C’est une heureuse coïncidence que ce choix de Rio et cette venue du pape François, dont on connaît l’intérêt pour les questions de justice sociale, intervient alors que la vague de contestations au Brésil n’est pas retombée. Pour le père Francys Silvestrini, adjoint du Provincial des jésuites au Brésil, si les JMJ sont la fête de la foi, elles sont une invitation à repenser les réalités sociales du pays.

Pacification des favelas

L’Eglise brésilienne, en lien étroit avec le Vatican, et la ville de Rio, se préparent depuis près de deux ans à l’organisation de cet évènement. Pour la ville de Rio, qui doit accueillir dans un an la Coupe du monde de football, les JMJ sont à la fois un test et la démonstration qu’elle est en mesure d’assurer la sécurité de ce type de manifestations.

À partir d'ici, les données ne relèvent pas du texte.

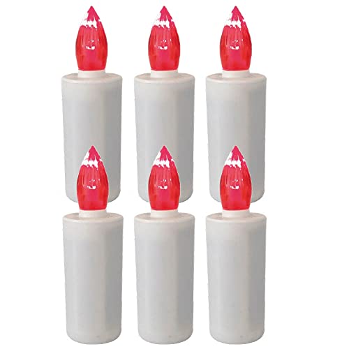 CANDELA FIAMMA Lumino Votivo funebre a LED, effetto fiamma Rossa, luce di cimitero INTERMITTENTE incluse batterie stilo 10xØ30 mm (6, Bianco)

Si des progrès ont été réalisés dans ce sens ces dernières années avec notamment la pacification de plusieurs favelas, les pèlerins, comme l’a souligné le consul général de France à Rio Jean-Claude Moyret, doivent respecter des règles de sécurité de base. Mais ce dernier se montre confiant.

Style simple et chaleur humaine

La délégation française, 5 200 jeunes dont 60 volontaires, est très bien organisée avec un QG basé dans une paroisse de Rio. Les pèlerins français viennent de passer une semaine dans plusieurs diocèses du Brésil, où ils ont été reçus dans des familles. Tous ont été frappés par la pauvreté et touchés par l’accueil très chaleureux qu’ils ont reçu.

Simon, un volontaire arrivé il y a six mois pour accueillir la délégation française, souligne que les Brésiliens ont un grand cœur et qu’ils sont heureux d’accueillir tous ces jeunes venus du monde entier et fiers de recevoir le pape François, qui a su d’emblée par son style simple et sa chaleur gagner les cœurs.